Duchess contestant Marley Robinson expressed admiration for her helpful teacher at Ricardo Richards Elementary School. Seven-year-old Re’khia Peterson and Jaelyn Rodriguez, from St. Patrick’s Catholic School, also shared their appreciation for their teachers, highlighting the positive impact on their learning experiences.

The audience was then treated to a musical interlude, with performances by the young vocalist Avery and the dynamic Juego, each delivering captivating renditions.

In the swimsuit segment, the Jr. Miss contestants adhered to strict guidelines ensuring modesty. Newton’s suit, symbolizing a Virgin Islands sunset, and Watley’s fiery red attire with a Virgin Islands eagle crest coverup, were standout pieces.

The “fun fashion” segment allowed contestants to express school spirit and creative flair. Khari Newton’s “Super Khari” and Ray Anthony Brown’s “Go Ray Ray Go” characters celebrated Crucian culture and school life. Duchess contestants embraced themes from Red Riding Hood to Tahitian princess, showcasing transformative and colorful outfits.

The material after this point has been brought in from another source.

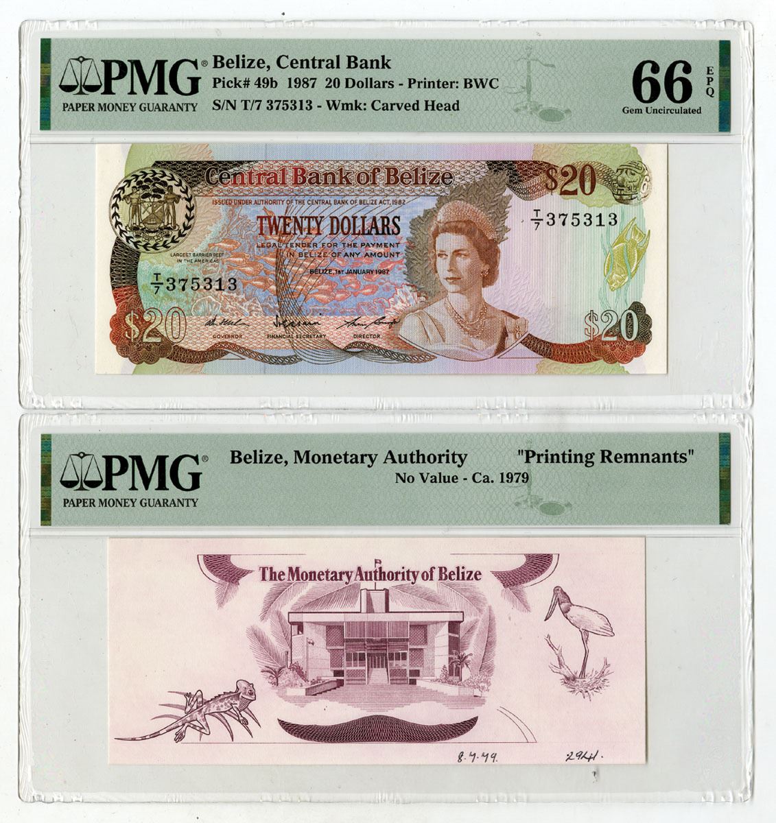 Belize, 1979-87. Lot of 2, Includes: Monetary Authority of Belize Printing Remnant without denomination; Central Bank of Belize 20 Dollars, P-49b, S/N T/7 375313, PMG graded Gem Unc 66 EPQ. (2). Sold "AS IS" no returns accepted.

The Jr. Miss contestants shone in their “old Hollywood” themed attire, with Newton in a plaid-accented white satin ensemble and Watley in a pearl-embellished yellow jumpsuit with a plaid-lined cape.

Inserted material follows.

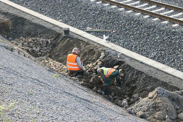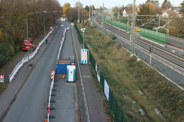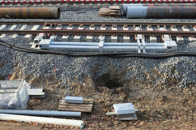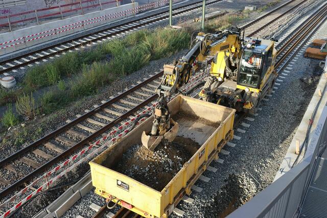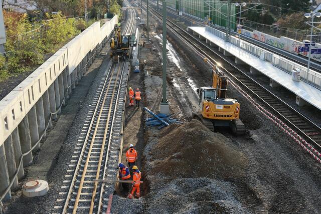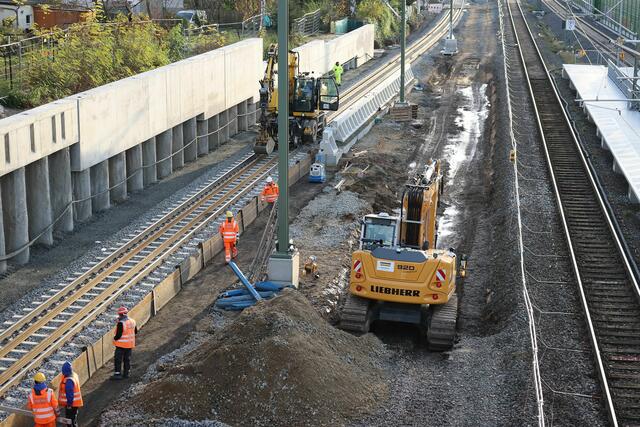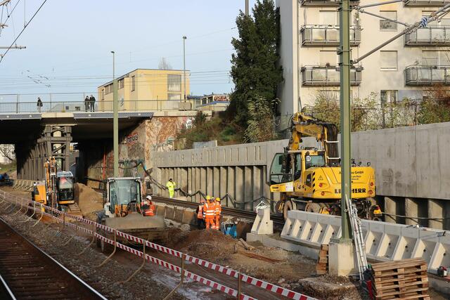 Beim Fußgängersteg nördlich der Station wurde gebaggert.

The platform presentations highlighted their commitment to community projects. Newton’s “Safe Space Project” proposed mentorship and empathy-building workshops, while Watley’s “Read Between the Signs” aimed to foster American Sign Language learning among high schoolers, enhancing understanding of the Hard of Hearing and deaf communities.

The night culminated in the crowning of the winners amid enthusiastic support from the audience. Khari Newton, Marley Robinson, and Alayah Watley were declared St. Croix Festival Duke, Duchess, and Jr. Miss for 2023, respectively, with prizes to be distributed throughout their reign.

Deputy Commissioner of Tourism Shamari Haynes emphasized the event’s significance in making the festival village a focal point for the Crucian Christmas Festival, heralding a future rich in cultural celebration and community engagement.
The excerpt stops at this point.